What you should do: Take the entries below and reproduce exactly the portion that begins at the line containing "Colchón híbrido de" and ends at the line containing "特别值得一提的是,AORUS", keeping both ends, dropping pictures, and adding nothing else.

Extracted information:
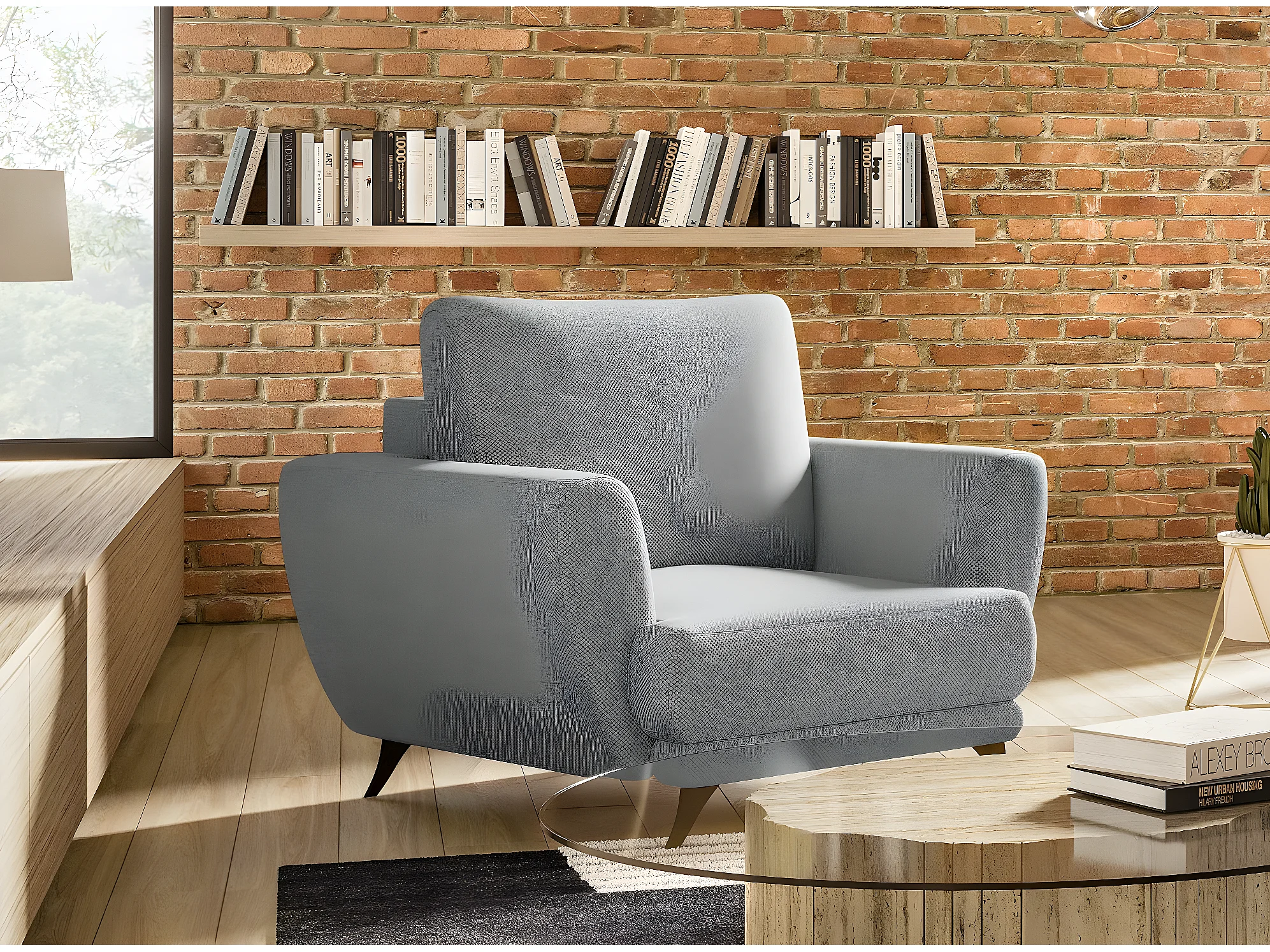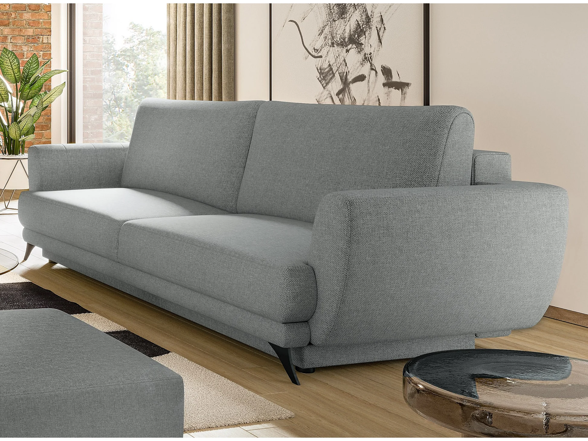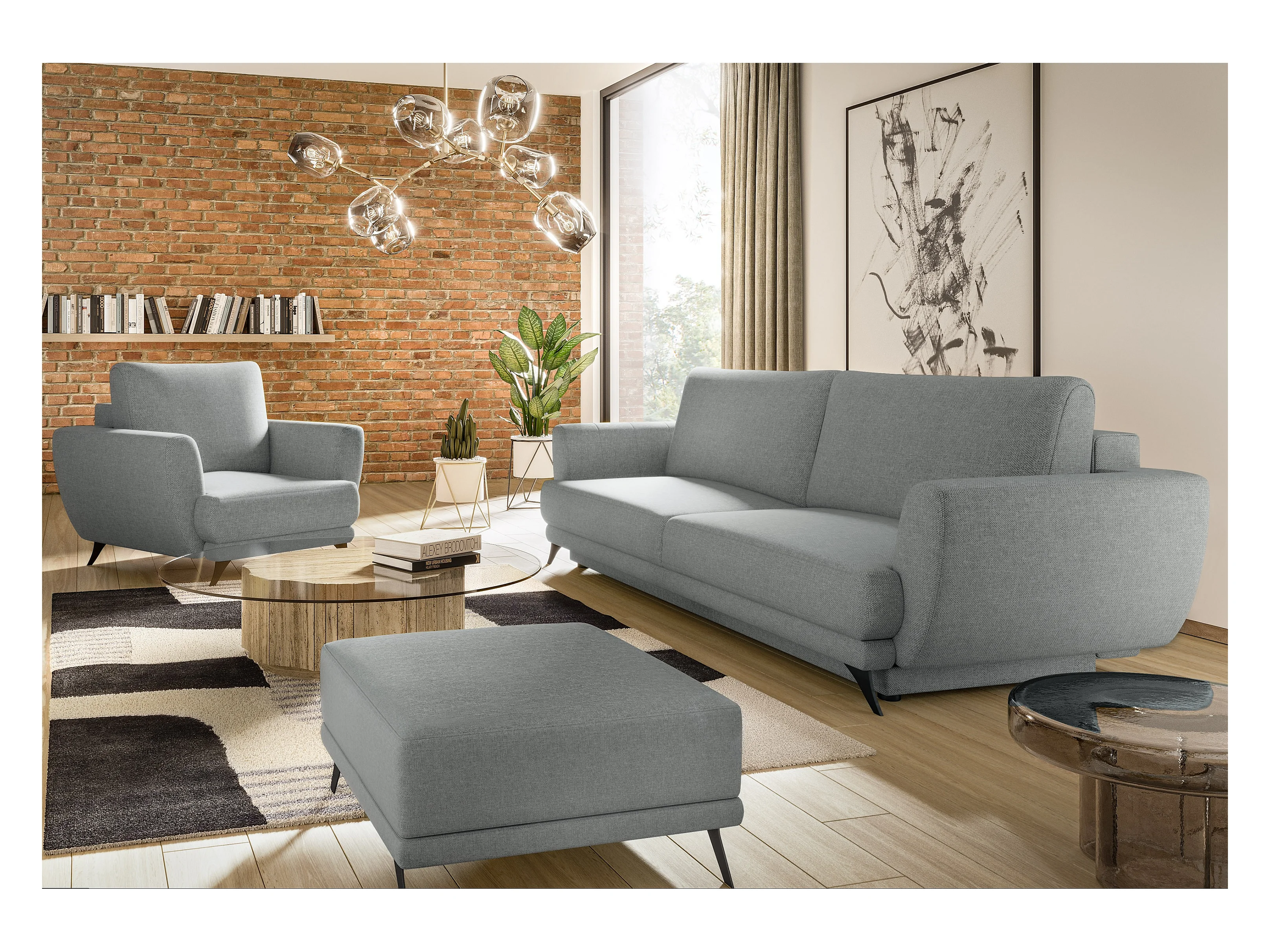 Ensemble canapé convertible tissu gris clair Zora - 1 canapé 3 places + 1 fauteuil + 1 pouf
==
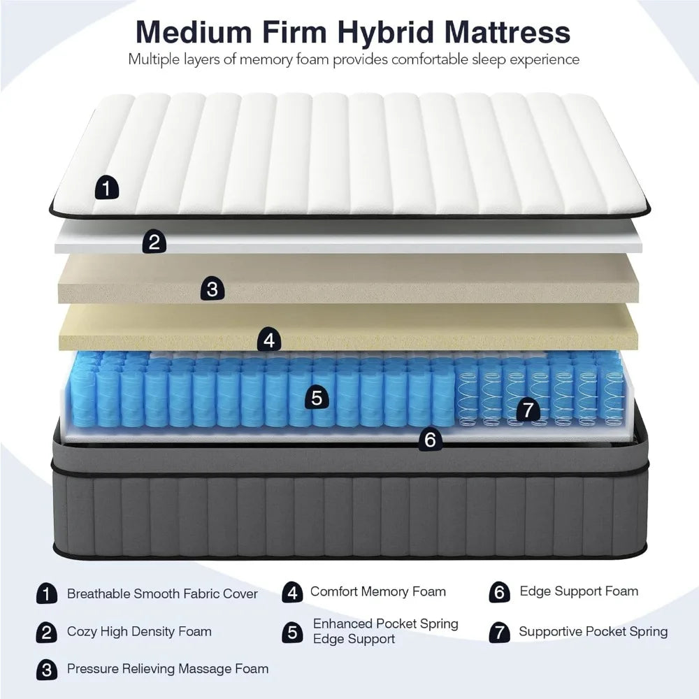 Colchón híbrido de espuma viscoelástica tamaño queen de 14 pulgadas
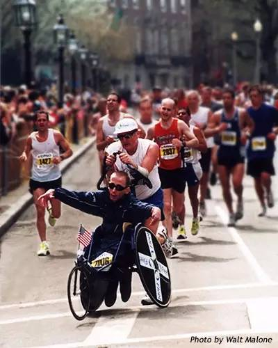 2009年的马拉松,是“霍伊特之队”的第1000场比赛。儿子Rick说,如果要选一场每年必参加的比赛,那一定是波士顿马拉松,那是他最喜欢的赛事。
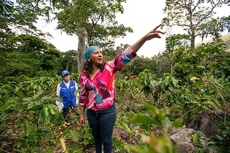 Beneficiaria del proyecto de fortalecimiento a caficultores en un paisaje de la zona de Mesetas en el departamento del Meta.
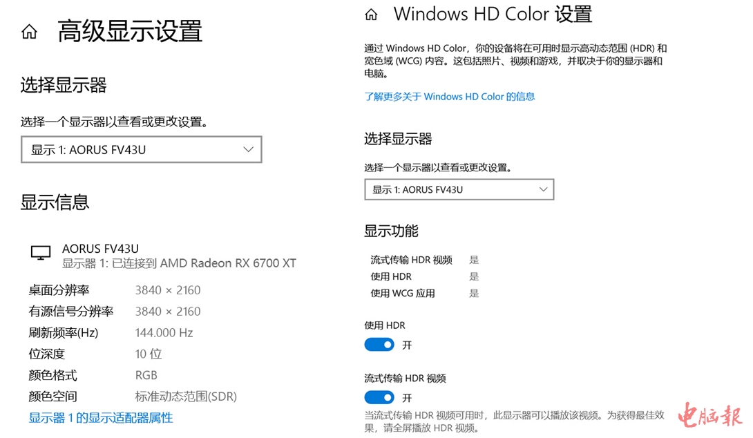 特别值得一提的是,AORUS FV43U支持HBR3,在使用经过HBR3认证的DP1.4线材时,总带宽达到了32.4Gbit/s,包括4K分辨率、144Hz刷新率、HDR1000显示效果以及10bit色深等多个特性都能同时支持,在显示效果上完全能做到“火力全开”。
* * *
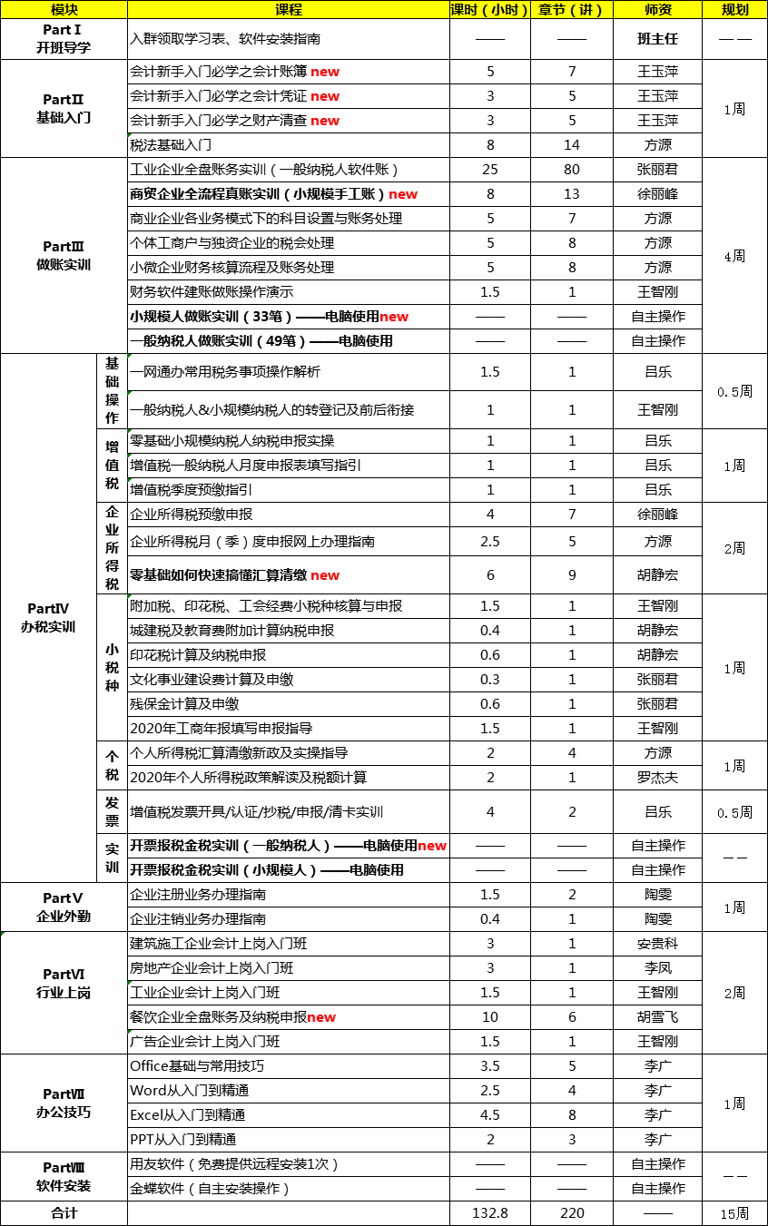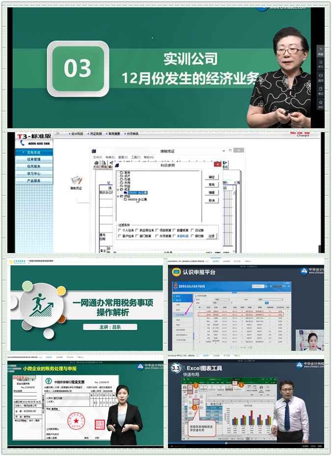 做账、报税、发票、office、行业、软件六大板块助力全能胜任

Task solution:
 Colchón híbrido de espuma viscoelástica tamaño queen de 14 pulgadas
 2009年的马拉松,是“霍伊特之队”的第1000场比赛。儿子Rick说,如果要选一场每年必参加的比赛,那一定是波士顿马拉松,那是他最喜欢的赛事。
 Beneficiaria del proyecto de fortalecimiento a caficultores en un paisaje de la zona de Mesetas en el departamento del Meta.
 特别值得一提的是,AORUS FV43U支持HBR3,在使用经过HBR3认证的DP1.4线材时,总带宽达到了32.4Gbit/s,包括4K分辨率、144Hz刷新率、HDR1000显示效果以及10bit色深等多个特性都能同时支持,在显示效果上完全能做到“火力全开”。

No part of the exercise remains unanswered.